### Aim of the task
The reply should contain every entry exactly as given, with no pictures in it.

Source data
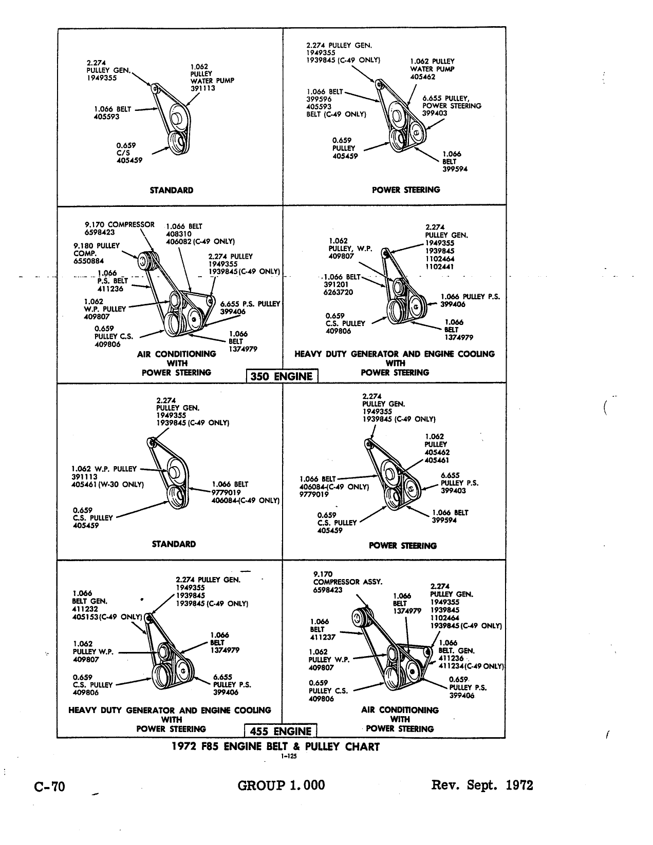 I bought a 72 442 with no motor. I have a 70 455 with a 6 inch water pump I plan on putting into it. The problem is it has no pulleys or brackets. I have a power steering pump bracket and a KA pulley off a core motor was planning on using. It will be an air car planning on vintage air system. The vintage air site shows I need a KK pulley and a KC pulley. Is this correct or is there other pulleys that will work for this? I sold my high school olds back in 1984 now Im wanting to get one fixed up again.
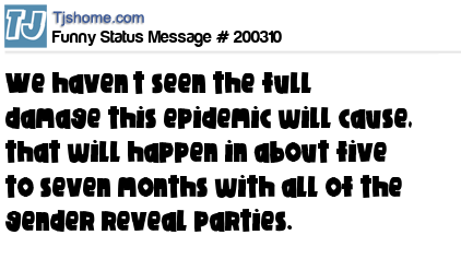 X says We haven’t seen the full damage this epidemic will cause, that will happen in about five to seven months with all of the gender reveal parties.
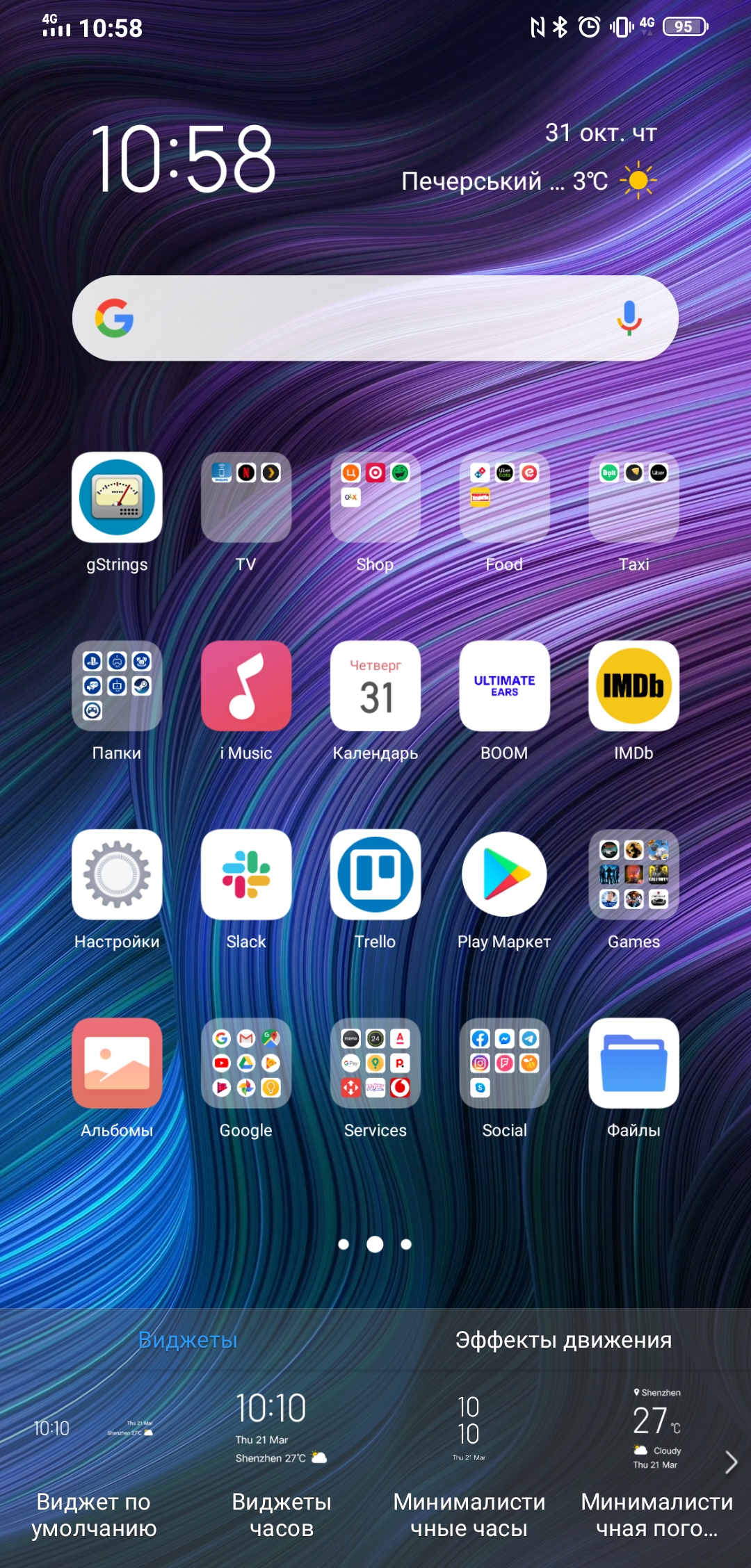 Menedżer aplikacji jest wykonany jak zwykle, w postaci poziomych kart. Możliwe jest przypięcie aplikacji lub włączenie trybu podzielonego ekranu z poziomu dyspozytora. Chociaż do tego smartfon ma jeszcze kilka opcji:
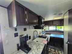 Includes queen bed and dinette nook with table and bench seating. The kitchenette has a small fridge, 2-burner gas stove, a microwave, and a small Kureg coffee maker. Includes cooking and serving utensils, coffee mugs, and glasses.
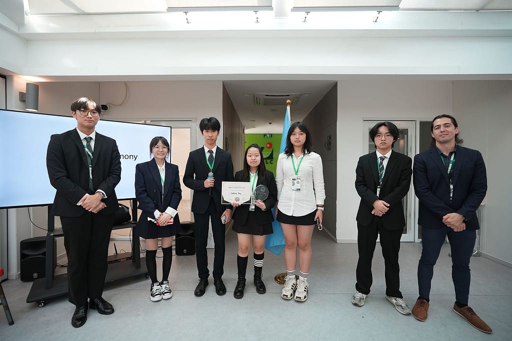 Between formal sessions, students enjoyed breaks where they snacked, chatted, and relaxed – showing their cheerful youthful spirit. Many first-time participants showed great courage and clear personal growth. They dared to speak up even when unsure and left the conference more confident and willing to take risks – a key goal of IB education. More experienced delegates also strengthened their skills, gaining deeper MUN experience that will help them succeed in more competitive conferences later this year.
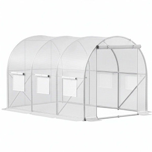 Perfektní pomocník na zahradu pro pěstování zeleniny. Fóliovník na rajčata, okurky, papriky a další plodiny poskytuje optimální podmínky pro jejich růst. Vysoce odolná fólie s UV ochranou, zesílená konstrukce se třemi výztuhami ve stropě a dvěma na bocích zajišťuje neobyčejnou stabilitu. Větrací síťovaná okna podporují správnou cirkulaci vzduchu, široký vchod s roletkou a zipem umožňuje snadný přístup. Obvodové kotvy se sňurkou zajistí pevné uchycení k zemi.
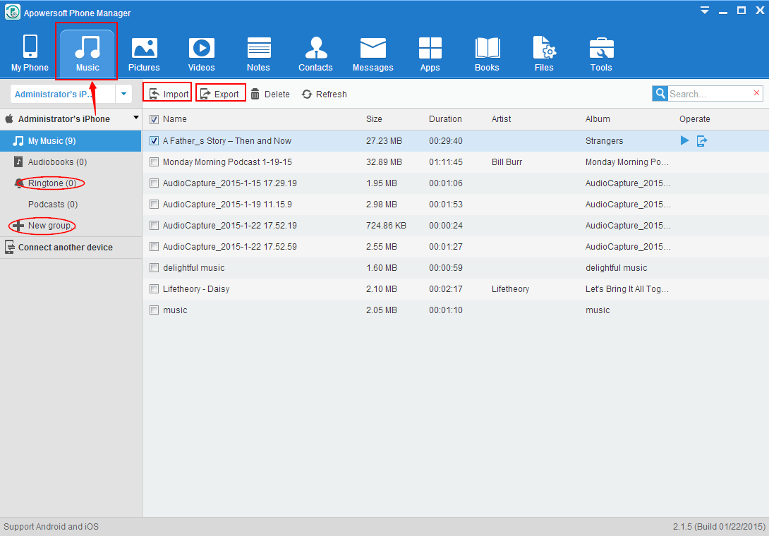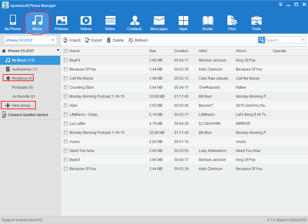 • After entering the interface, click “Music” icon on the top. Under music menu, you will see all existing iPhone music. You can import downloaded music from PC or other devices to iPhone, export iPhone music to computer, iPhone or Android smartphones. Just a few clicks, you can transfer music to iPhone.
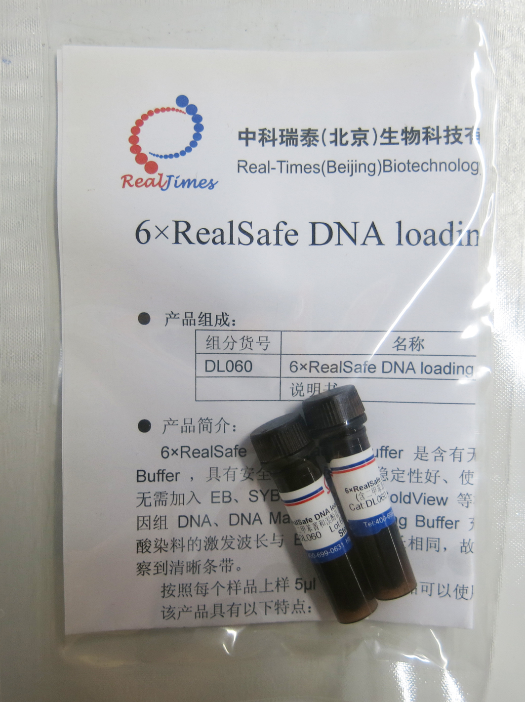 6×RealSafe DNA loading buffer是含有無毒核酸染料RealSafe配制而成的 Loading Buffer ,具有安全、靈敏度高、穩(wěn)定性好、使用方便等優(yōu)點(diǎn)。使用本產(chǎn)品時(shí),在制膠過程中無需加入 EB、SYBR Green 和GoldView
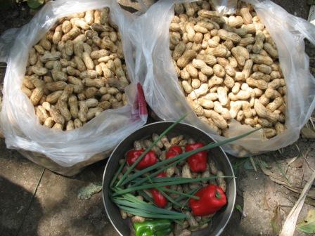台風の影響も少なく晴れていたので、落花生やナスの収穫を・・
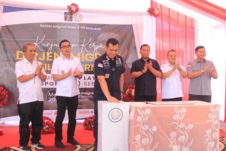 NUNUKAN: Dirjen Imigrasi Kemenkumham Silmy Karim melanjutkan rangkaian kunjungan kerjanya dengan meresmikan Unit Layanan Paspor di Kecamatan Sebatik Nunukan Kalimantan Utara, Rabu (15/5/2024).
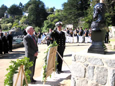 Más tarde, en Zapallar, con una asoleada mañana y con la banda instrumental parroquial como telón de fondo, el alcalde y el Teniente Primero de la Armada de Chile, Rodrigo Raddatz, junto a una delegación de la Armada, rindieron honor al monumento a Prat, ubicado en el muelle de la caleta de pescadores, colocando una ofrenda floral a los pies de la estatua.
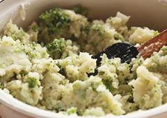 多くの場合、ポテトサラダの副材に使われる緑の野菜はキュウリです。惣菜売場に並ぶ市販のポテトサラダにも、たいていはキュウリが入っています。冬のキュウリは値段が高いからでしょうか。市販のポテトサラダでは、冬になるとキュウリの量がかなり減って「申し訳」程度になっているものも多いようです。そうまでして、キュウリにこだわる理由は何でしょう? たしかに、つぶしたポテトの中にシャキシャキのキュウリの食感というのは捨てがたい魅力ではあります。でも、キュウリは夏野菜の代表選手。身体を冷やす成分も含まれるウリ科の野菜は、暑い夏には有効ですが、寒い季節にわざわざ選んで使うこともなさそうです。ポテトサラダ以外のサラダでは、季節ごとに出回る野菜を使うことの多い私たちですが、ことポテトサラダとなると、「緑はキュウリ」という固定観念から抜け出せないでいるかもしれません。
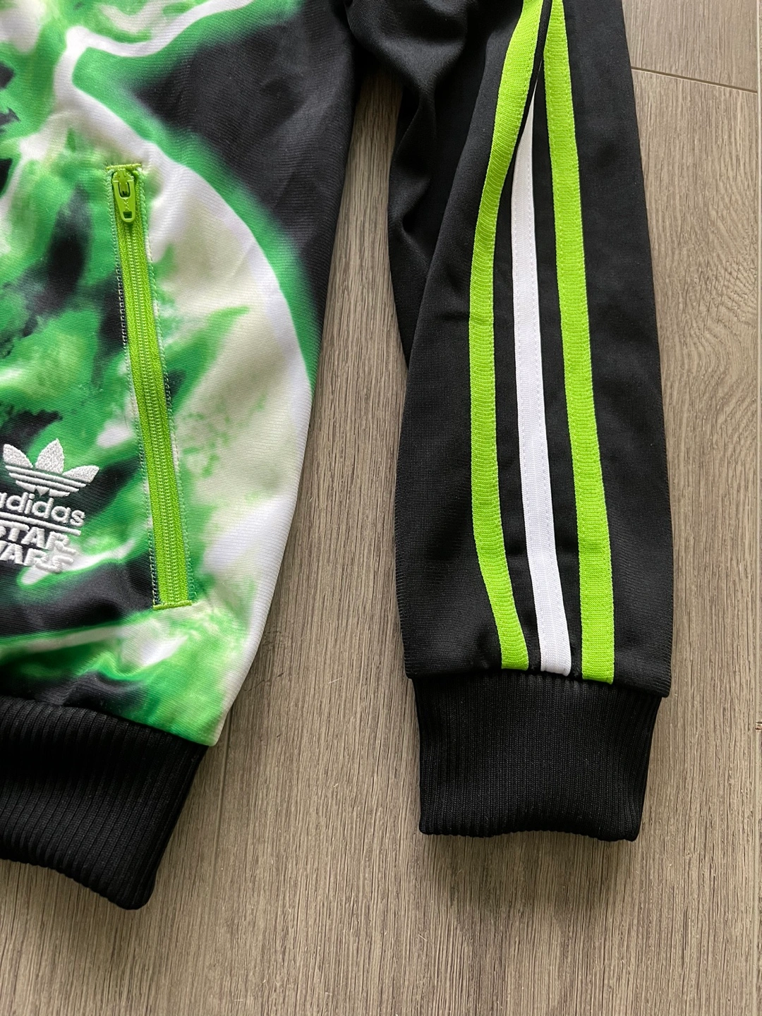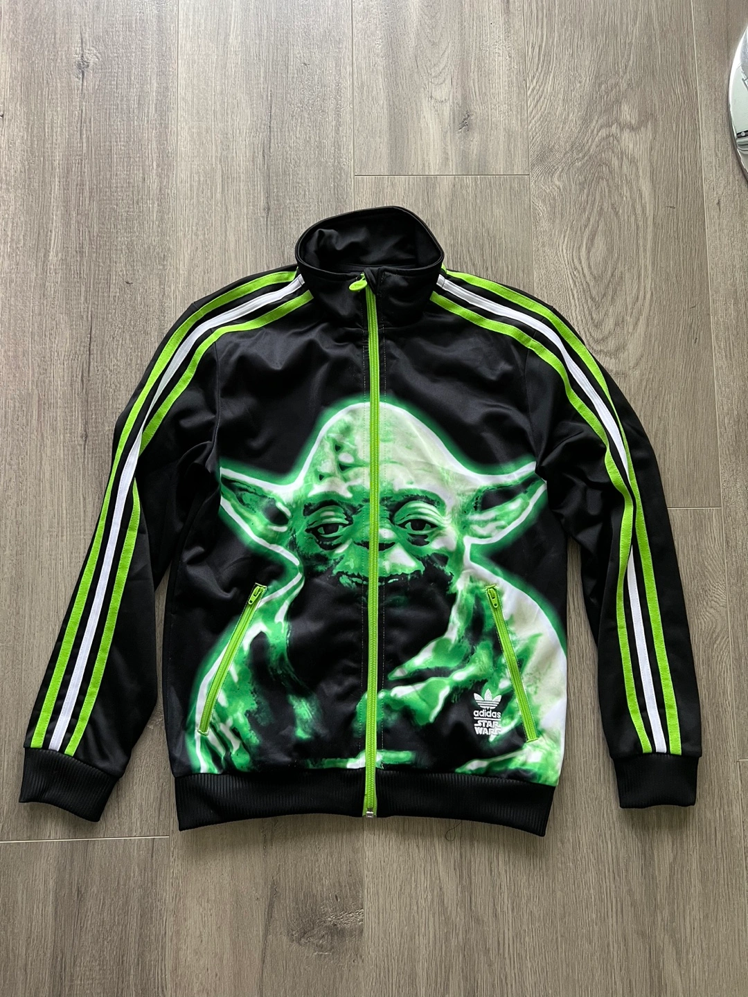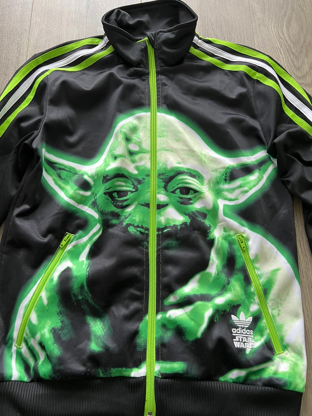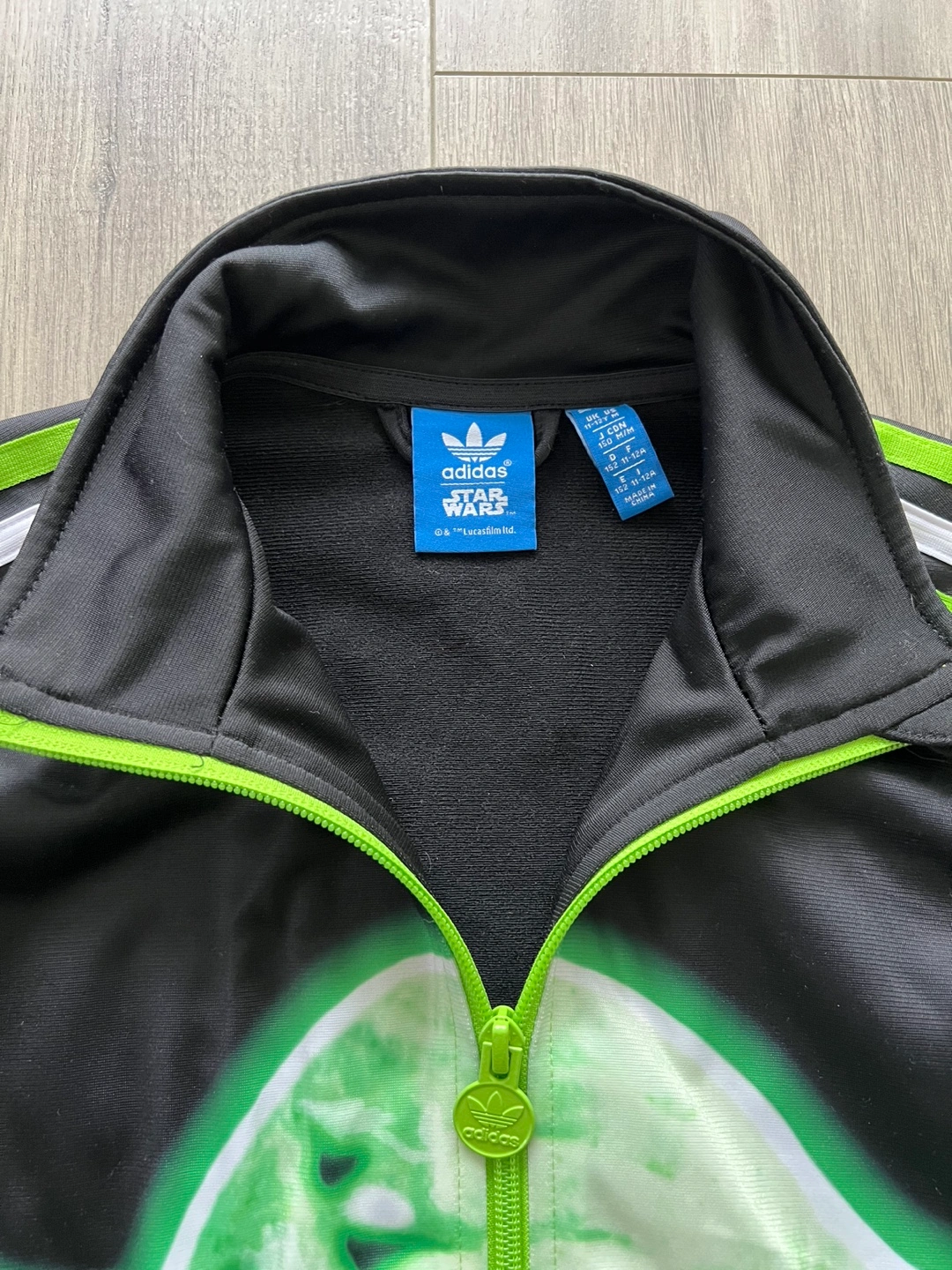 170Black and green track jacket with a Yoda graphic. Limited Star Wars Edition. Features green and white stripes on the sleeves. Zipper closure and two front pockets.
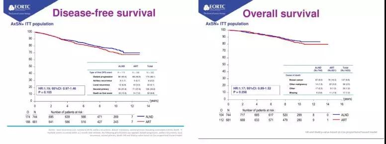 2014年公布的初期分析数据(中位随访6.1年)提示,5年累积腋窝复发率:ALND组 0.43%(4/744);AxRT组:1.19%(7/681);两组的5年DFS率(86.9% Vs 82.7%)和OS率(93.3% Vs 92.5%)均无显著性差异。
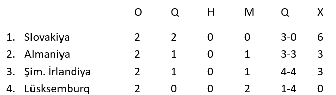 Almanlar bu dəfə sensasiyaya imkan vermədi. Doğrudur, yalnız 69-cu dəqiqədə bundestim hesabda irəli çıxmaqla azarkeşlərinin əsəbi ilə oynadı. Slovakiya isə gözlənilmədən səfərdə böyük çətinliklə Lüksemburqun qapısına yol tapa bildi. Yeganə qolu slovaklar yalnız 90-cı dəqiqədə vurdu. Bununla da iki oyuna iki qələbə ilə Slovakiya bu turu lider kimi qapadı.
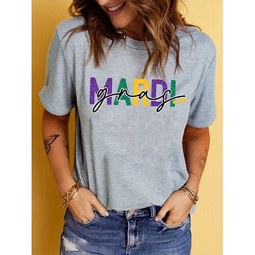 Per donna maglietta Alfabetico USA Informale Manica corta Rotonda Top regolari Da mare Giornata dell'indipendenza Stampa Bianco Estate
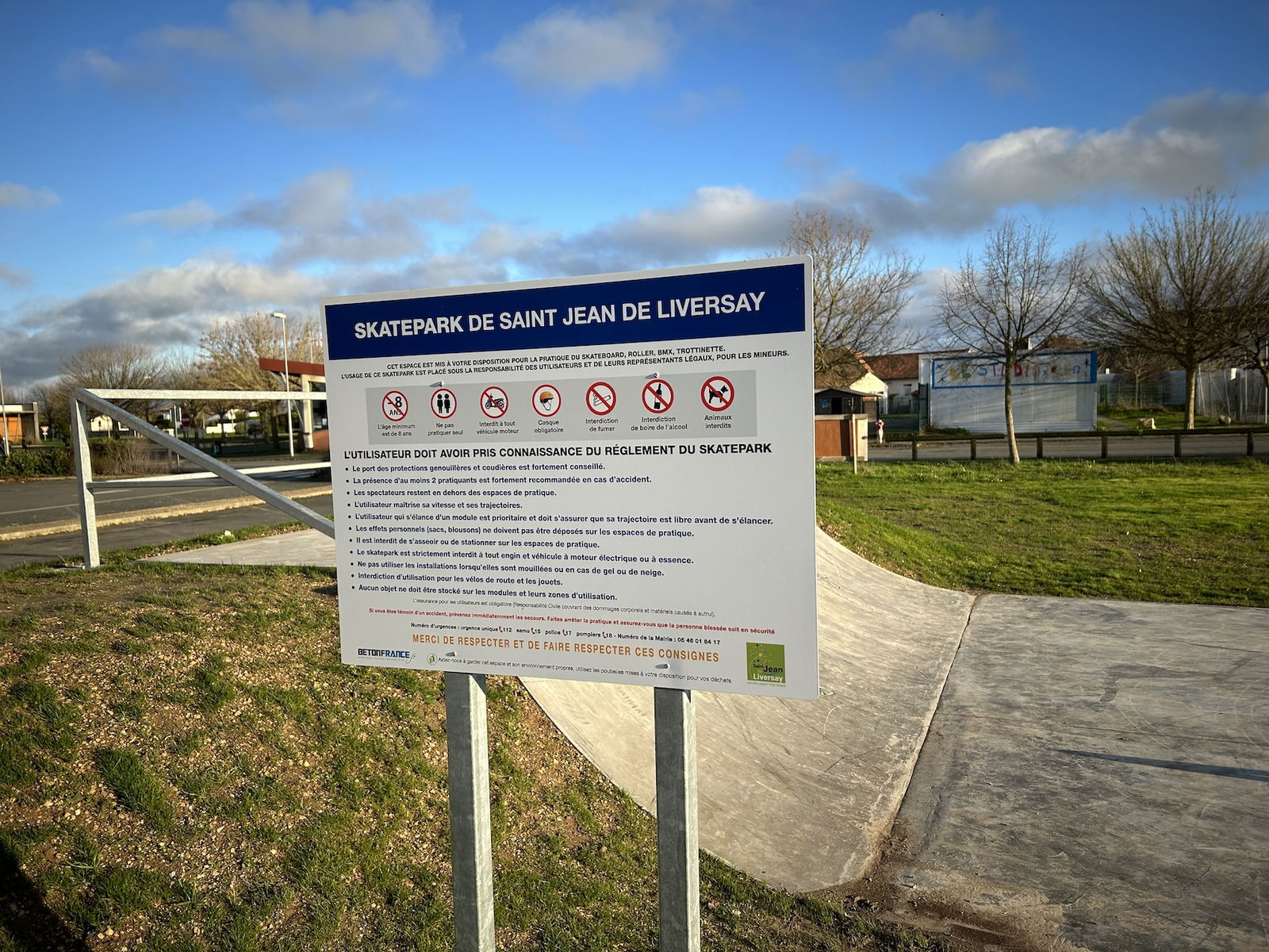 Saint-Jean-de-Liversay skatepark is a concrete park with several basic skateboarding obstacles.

### Task output
 I bought a 72 442 with no motor. I have a 70 455 with a 6 inch water pump I plan on putting into it. The problem is it has no pulleys or brackets. I have a power steering pump bracket and a KA pulley off a core motor was planning on using. It will be an air car planning on vintage air system. The vintage air site shows I need a KK pulley and a KC pulley. Is this correct or is there other pulleys that will work for this? I sold my high school olds back in 1984 now Im wanting to get one fixed up again.
 X says We haven’t seen the full damage this epidemic will cause, that will happen in about five to seven months with all of the gender reveal parties.
 Menedżer aplikacji jest wykonany jak zwykle, w postaci poziomych kart. Możliwe jest przypięcie aplikacji lub włączenie trybu podzielonego ekranu z poziomu dyspozytora. Chociaż do tego smartfon ma jeszcze kilka opcji:
 Includes queen bed and dinette nook with table and bench seating. The kitchenette has a small fridge, 2-burner gas stove, a microwave, and a small Kureg coffee maker. Includes cooking and serving utensils, coffee mugs, and glasses.
 Between formal sessions, students enjoyed breaks where they snacked, chatted, and relaxed – showing their cheerful youthful spirit. Many first-time participants showed great courage and clear personal growth. They dared to speak up even when unsure and left the conference more confident and willing to take risks – a key goal of IB education. More experienced delegates also strengthened their skills, gaining deeper MUN experience that will help them succeed in more competitive conferences later this year.
 Perfektní pomocník na zahradu pro pěstování zeleniny. Fóliovník na rajčata, okurky, papriky a další plodiny poskytuje optimální podmínky pro jejich růst. Vysoce odolná fólie s UV ochranou, zesílená konstrukce se třemi výztuhami ve stropě a dvěma na bocích zajišťuje neobyčejnou stabilitu. Větrací síťovaná okna podporují správnou cirkulaci vzduchu, široký vchod s roletkou a zipem umožňuje snadný přístup. Obvodové kotvy se sňurkou zajistí pevné uchycení k zemi.
 • After entering the interface, click “Music” icon on the top. Under music menu, you will see all existing iPhone music. You can import downloaded music from PC or other devices to iPhone, export iPhone music to computer, iPhone or Android smartphones. Just a few clicks, you can transfer music to iPhone.
 6×RealSafe DNA loading buffer是含有無毒核酸染料RealSafe配制而成的 Loading Buffer ,具有安全、靈敏度高、穩(wěn)定性好、使用方便等優(yōu)點(diǎn)。使用本產(chǎn)品時(shí),在制膠過程中無需加入 EB、SYBR Green 和GoldView
台風の影響も少なく晴れていたので、落花生やナスの収穫を・・
 NUNUKAN: Dirjen Imigrasi Kemenkumham Silmy Karim melanjutkan rangkaian kunjungan kerjanya dengan meresmikan Unit Layanan Paspor di Kecamatan Sebatik Nunukan Kalimantan Utara, Rabu (15/5/2024).
 Más tarde, en Zapallar, con una asoleada mañana y con la banda instrumental parroquial como telón de fondo, el alcalde y el Teniente Primero de la Armada de Chile, Rodrigo Raddatz, junto a una delegación de la Armada, rindieron honor al monumento a Prat, ubicado en el muelle de la caleta de pescadores, colocando una ofrenda floral a los pies de la estatua.
 多くの場合、ポテトサラダの副材に使われる緑の野菜はキュウリです。惣菜売場に並ぶ市販のポテトサラダにも、たいていはキュウリが入っています。冬のキュウリは値段が高いからでしょうか。市販のポテトサラダでは、冬になるとキュウリの量がかなり減って「申し訳」程度になっているものも多いようです。そうまでして、キュウリにこだわる理由は何でしょう? たしかに、つぶしたポテトの中にシャキシャキのキュウリの食感というのは捨てがたい魅力ではあります。でも、キュウリは夏野菜の代表選手。身体を冷やす成分も含まれるウリ科の野菜は、暑い夏には有効ですが、寒い季節にわざわざ選んで使うこともなさそうです。ポテトサラダ以外のサラダでは、季節ごとに出回る野菜を使うことの多い私たちですが、ことポテトサラダとなると、「緑はキュウリ」という固定観念から抜け出せないでいるかもしれません。
 170Black and green track jacket with a Yoda graphic. Limited Star Wars Edition. Features green and white stripes on the sleeves. Zipper closure and two front pockets.
 2014年公布的初期分析数据(中位随访6.1年)提示,5年累积腋窝复发率:ALND组 0.43%(4/744);AxRT组:1.19%(7/681);两组的5年DFS率(86.9% Vs 82.7%)和OS率(93.3% Vs 92.5%)均无显著性差异。
 Almanlar bu dəfə sensasiyaya imkan vermədi. Doğrudur, yalnız 69-cu dəqiqədə bundestim hesabda irəli çıxmaqla azarkeşlərinin əsəbi ilə oynadı. Slovakiya isə gözlənilmədən səfərdə böyük çətinliklə Lüksemburqun qapısına yol tapa bildi. Yeganə qolu slovaklar yalnız 90-cı dəqiqədə vurdu. Bununla da iki oyuna iki qələbə ilə Slovakiya bu turu lider kimi qapadı.
 Per donna maglietta Alfabetico USA Informale Manica corta Rotonda Top regolari Da mare Giornata dell'indipendenza Stampa Bianco Estate
 Saint-Jean-de-Liversay skatepark is a concrete park with several basic skateboarding obstacles.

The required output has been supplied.